Fish was weird at first, with it's insistence on `or` instead of `||`, and `and` instead of `&&`. Since they relented on this, there's not much non-POSIX weirdness for me. From time to time I'll try to `export` something, but fish just reminds you what to do instead. 3rd party integration is excellent now, too.

When I write scripts I'll just target /bin/sh, or /bin/bash if necessary. Never saw a reason to write zsh or fish scripts.

SAI_Peregrinus 3 days ago | parent | next [-]

Note that `/bin/bash` isn't guaranteed to exist, even if Bash is installed. `/usr/bin/env` is guaranteed to exist on POSIX systems, so `/usr/bin/env bash` is the generally recommended way to invoke it in a shebang. `/bin/sh` is guaranteed to exist on a POSIX system, but `/usr/bin/env sh` can be used for consistency.

kstrauser 3 days ago | parent | prev | next [-]

Export works now.

I write most of my local-use scripts in fish now. Having access to all the little ergonomics like outputting colored text is just more pleasant.

maleldil 3 days ago | parent | prev [-]

Note that `or/||` and `and/&&` are not interchangeable. They have different precedences.

benrutter 4 days ago | parent | prev | next [-]

100% this! I tried fish, loved it, then didn't use it for about a year becayse I'd convinced myself posix compliance was important. The truth is day to day I use 5 or less shell language primitives, mostly I run other programs from the shell, and pipe them into each other, so the shell language compliance doesn't matter.

stavros 3 days ago | parent | prev | next [-]

I don't understand this reticence about POSIX compliance. When would you need your shell to be POSIX compliant? I've been using fish for ten years and I've never had an issue, even with scripting. If I need to run a script, it always has bash in the shebang line, so it runs normally.

Am I missing something useful?

SAI_Peregrinus 3 days ago | parent [-]

Other people's scripts in projects where you can't or don't want to edit the scripts to add a shebang line.

stavros 3 days ago | parent [-]

You can only run those with `bash script` anyway, your shell doesn't matter in that case.

yonatan8070 4 days ago | parent | prev | next [-]

If you work with a lot of longer commands, you can press Alt+e to edit the current prompt in $EDITOR, so you can use your favorite editor to do whatever you'd like to the command.

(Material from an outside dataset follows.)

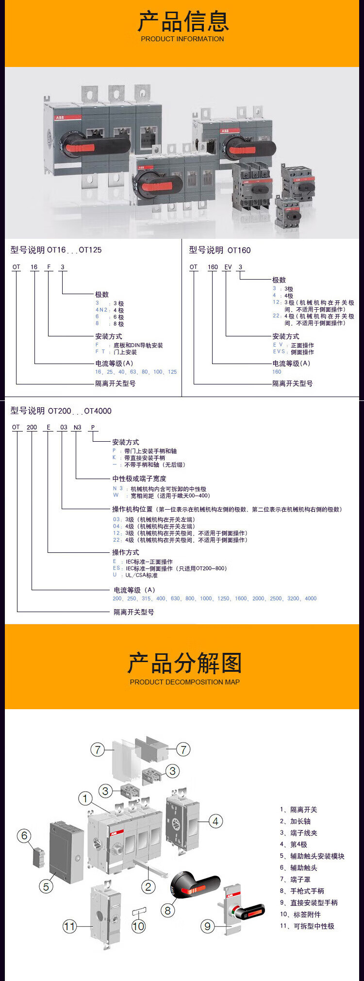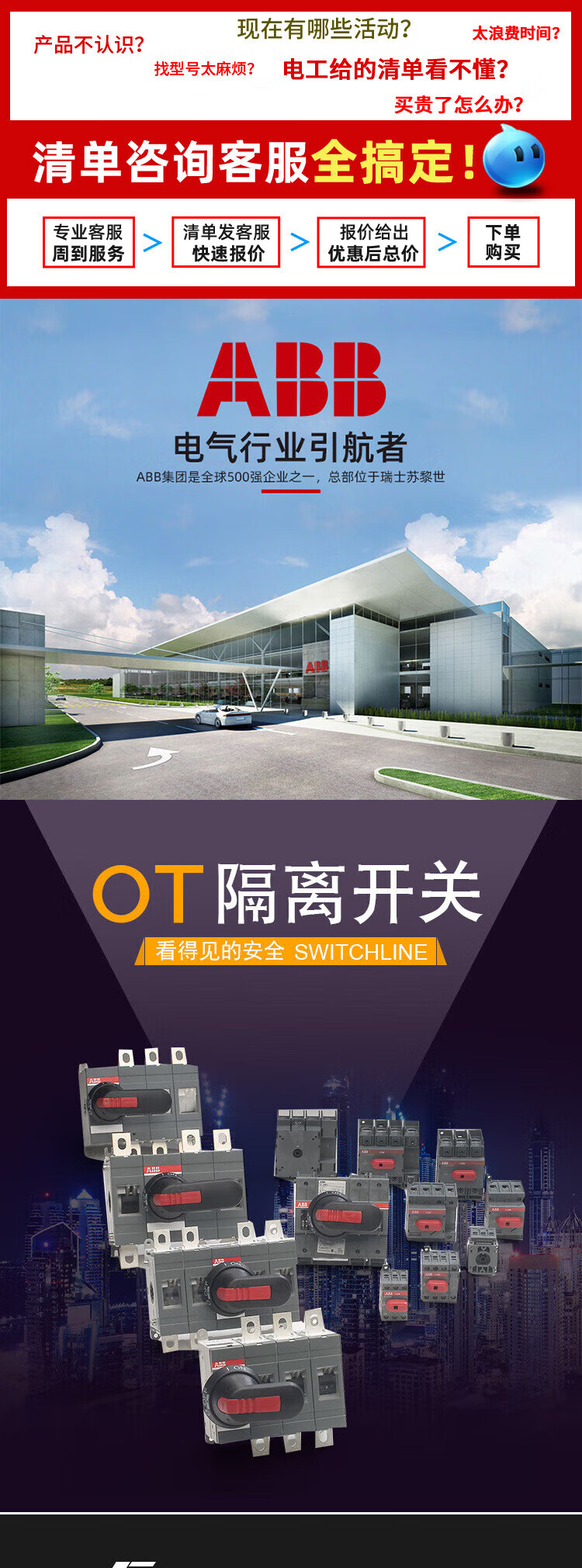 ABB load isolation switch OT63F3 OT400E03 OT2500E04P OT3200E04P OT6 OT400E04P

valeena 3 days ago | parent [-]

I had no idea about that! You and other commenters taught me some great features! I so love fish!

hyperhopper 3 days ago | parent | prev | next [-]

Oh-my-zsh adds most of that while still being POSIX compliant

zwarag 3 days ago | parent | next [-]

In my personal experience, oh-my-zsh slows down things too much. You're better off just taking whatever you really like about oh-my-zsh and configure it yourself.

bbkane 3 days ago | parent [-]

This is what I do: https://github.com/bbkane/dotfiles/tree/master/zsh

Works great!

theshrike79 3 days ago | parent | prev [-]

"zsh is just fine, you just need to add a megabyte of scripts on top" is not a good advertisement :)

warwren 3 days ago | parent | prev [-]

This whole time I didn't know you're supposed to use alt+s. I just got mad sudo !! didn't work. Thanks!